Department of Computer Science, University of Colorado, Colorado Springs, CO 80918, USA.

Department of Biomedical Informatics, University of Colorado Anschutz Medical Campus, 13001 East 17th Place, Aurora, CO 80045, USA.

出版信息

Genes (Basel). 2024 Sep 30;15(10):1293. doi: 10.3390/genes15101293.

Abstract

BACKGROUND/OBJECTIVES: Topologically associating domains (TADs) are key structural units of the genome, playing a crucial role in gene regulation. TAD boundaries are enriched with specific biological markers and have been linked to genetic diseases, making consistent TAD detection essential.
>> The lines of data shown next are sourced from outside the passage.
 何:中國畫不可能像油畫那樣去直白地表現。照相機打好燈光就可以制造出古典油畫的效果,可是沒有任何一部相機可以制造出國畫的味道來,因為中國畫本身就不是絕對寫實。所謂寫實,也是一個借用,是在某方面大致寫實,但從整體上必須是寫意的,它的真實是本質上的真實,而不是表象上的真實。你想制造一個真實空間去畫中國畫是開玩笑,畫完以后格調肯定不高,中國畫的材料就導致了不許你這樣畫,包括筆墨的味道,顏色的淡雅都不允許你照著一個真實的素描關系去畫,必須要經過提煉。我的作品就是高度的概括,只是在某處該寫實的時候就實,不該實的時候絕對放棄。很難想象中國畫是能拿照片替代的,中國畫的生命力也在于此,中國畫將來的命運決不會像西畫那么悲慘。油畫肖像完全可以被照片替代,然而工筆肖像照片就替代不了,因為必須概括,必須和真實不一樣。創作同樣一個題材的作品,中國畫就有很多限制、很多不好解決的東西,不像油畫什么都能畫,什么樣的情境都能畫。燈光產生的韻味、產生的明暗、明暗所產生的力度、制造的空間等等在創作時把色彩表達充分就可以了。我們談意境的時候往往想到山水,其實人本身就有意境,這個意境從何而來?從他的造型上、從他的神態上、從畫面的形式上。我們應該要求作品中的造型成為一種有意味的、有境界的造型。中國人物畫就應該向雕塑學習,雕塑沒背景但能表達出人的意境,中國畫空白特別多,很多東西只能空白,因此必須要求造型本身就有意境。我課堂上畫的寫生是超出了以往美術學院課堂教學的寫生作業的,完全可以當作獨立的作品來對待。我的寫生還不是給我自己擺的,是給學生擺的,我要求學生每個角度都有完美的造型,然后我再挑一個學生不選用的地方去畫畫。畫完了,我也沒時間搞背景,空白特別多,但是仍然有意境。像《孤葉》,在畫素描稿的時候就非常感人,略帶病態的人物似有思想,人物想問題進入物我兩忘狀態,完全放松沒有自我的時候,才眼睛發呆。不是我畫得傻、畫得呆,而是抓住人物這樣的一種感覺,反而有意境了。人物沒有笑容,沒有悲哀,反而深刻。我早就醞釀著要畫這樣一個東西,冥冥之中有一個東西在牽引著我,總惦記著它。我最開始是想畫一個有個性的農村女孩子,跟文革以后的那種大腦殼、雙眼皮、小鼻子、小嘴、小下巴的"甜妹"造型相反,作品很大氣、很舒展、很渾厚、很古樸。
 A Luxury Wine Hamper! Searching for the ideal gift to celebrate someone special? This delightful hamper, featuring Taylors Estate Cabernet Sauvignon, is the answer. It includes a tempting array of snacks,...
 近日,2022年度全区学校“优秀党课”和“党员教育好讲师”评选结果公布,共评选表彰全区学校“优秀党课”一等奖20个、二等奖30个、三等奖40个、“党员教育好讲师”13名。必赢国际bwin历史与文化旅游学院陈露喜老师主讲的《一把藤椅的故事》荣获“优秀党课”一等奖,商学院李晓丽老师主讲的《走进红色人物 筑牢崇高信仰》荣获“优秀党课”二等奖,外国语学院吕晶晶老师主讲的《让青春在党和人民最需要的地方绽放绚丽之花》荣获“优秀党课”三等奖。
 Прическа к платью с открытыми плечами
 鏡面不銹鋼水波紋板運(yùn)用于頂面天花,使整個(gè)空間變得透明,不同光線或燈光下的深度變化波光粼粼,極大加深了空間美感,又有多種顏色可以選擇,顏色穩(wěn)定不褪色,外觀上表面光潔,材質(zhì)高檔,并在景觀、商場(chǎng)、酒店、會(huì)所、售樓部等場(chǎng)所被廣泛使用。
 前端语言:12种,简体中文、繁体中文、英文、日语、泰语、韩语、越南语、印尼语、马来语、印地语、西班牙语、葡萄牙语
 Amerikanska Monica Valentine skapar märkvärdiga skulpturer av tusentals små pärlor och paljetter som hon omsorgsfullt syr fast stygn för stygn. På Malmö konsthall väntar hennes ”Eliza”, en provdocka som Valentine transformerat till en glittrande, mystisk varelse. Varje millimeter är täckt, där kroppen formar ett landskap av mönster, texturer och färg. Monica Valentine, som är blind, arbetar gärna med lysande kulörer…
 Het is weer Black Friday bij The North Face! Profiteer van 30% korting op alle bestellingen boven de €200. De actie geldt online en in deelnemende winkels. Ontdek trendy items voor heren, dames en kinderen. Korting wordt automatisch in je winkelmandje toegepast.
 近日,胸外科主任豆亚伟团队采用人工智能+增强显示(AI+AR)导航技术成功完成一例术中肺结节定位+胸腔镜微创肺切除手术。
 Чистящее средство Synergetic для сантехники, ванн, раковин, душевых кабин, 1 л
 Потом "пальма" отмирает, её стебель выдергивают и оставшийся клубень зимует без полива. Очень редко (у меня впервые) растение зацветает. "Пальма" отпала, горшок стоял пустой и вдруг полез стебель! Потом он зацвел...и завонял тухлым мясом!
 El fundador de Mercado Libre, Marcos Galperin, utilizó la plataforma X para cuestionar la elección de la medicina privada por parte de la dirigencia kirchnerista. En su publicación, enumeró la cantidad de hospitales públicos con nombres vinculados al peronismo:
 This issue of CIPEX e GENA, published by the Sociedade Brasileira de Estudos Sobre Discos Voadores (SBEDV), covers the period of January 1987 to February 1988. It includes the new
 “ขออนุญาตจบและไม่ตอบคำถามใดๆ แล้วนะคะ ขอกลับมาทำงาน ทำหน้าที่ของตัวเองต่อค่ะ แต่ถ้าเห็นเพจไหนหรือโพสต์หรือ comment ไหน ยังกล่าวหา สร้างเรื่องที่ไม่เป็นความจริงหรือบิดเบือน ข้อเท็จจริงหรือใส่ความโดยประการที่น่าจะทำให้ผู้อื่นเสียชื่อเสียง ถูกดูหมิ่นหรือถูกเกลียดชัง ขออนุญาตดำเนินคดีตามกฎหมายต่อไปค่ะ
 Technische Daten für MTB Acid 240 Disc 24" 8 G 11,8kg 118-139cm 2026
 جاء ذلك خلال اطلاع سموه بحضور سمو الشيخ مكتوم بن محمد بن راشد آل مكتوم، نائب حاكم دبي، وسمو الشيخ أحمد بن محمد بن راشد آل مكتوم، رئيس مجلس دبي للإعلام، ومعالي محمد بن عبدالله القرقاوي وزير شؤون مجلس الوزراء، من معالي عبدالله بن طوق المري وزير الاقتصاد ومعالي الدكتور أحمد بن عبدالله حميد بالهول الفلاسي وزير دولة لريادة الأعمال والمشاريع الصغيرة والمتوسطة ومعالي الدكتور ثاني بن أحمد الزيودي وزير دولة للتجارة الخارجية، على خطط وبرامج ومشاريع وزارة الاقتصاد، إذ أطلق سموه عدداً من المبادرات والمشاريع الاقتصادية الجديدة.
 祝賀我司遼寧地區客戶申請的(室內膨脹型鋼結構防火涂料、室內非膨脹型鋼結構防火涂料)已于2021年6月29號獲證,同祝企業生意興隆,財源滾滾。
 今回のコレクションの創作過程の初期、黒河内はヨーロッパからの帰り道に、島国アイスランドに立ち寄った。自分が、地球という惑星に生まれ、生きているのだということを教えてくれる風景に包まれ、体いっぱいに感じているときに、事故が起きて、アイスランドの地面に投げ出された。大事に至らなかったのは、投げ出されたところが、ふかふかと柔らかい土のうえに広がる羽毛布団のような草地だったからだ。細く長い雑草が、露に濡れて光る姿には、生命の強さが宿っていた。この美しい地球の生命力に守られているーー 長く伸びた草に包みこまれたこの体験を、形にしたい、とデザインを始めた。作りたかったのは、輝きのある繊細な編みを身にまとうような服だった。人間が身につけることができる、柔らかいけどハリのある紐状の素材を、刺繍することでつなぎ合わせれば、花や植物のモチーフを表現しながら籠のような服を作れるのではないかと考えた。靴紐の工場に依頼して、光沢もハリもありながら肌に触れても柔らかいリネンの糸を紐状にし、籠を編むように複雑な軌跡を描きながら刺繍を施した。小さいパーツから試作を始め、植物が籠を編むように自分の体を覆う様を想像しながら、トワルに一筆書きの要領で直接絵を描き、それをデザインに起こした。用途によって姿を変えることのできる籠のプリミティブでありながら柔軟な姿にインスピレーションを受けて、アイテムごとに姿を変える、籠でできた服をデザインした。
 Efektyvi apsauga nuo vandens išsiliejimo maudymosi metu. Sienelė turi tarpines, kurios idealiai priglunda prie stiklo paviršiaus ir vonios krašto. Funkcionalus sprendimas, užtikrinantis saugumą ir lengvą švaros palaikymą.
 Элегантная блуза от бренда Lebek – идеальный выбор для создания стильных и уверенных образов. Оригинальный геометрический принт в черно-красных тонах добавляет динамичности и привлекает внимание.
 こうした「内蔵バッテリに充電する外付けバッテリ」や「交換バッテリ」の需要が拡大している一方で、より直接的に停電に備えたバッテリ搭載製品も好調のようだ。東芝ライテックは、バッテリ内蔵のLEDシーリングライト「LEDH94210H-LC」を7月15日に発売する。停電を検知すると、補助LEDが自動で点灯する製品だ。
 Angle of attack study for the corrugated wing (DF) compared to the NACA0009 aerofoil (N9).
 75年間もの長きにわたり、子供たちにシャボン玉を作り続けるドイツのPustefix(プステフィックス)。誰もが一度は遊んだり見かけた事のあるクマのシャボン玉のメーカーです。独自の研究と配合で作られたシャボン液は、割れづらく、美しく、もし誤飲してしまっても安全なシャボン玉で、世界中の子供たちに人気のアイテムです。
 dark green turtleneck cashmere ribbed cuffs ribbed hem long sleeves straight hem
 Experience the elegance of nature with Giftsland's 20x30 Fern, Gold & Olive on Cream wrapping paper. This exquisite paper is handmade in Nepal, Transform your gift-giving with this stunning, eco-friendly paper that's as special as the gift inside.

However, accurately identifying TADs remains challenging due to the lack of a definitive validation method. This study aims to develop a novel algorithm, termed coiTAD, which introduces an innovative approach for preprocessing Hi-C data to improve TAD prediction. This method employs a proposed "circle of influence" (COI) approach derived from Hi-C contact matrices.

METHODS

The coiTAD algorithm is based on the creation of novel features derived from the circle of influence in input contact matrices, which are subsequently clustered using the HDBSCAN clustering algorithm. The TADs are extracted from the clustered features based on intra-cluster interactions, thereby providing a more accurate method for identifying TADs.

RESULTS

Rigorous tests were conducted using both simulated and real Hi-C datasets. The algorithm's validation included analysis of boundary proteins such as H3K4me1, RNAPII, and CTCF. coiTAD consistently matched other TAD prediction methods.

CONCLUSIONS

The coiTAD algorithm represents a novel approach for detecting TADs. At its core, the circle-of-influence methodology introduces an innovative strategy for preparing Hi-C data, enabling the assessment of interaction strengths between genomic regions. This approach facilitates a nuanced analysis that effectively captures structural variations within chromatin. Ultimately, the coiTAD algorithm enhances our understanding of chromatin organization and offers a robust tool for genomic research. The source code for coiTAD is publicly available, and the URL can be found in the Data Availability Statement section.

摘要

背景/目的:拓扑关联域(TAD)是基因组的关键结构单元,在基因调控中起着至关重要的作用。TAD 边界富含特定的生物标志物,并与遗传疾病有关,因此一致地检测 TAD 至关重要。然而,由于缺乏明确的验证方法,准确识别 TAD 仍然具有挑战性。本研究旨在开发一种新算法,称为 coiTAD,该算法引入了一种创新的预处理 Hi-C 数据的方法,以提高 TAD 预测的准确性。该方法采用了一种基于 Hi-C 接触矩阵的“影响圈”(COI)方法。

方法

coiTAD 算法基于从输入接触矩阵中的影响圈中衍生的新特征的创建,这些特征随后使用 HDBSCAN 聚类算法进行聚类。基于聚类特征之间的相互作用提取 TAD,从而提供了一种更准确的 TAD 识别方法。

结果

使用模拟和真实的 Hi-C 数据集进行了严格的测试。该算法的验证包括分析边界蛋白,如 H3K4me1、RNAPII 和 CTCF。coiTAD 与其他 TAD 预测方法一致。

结论

coiTAD 算法代表了一种检测 TAD 的新方法。其核心是影响圈方法,该方法为准备 Hi-C 数据引入了一种创新策略,能够评估基因组区域之间的相互作用强度。这种方法促进了对染色质结构变化的细致分析。最终,coiTAD 算法增强了我们对染色质组织的理解,并为基因组研究提供了一个强大的工具。coiTAD 的源代码是公开可用的,URL 可以在数据可用性声明部分找到。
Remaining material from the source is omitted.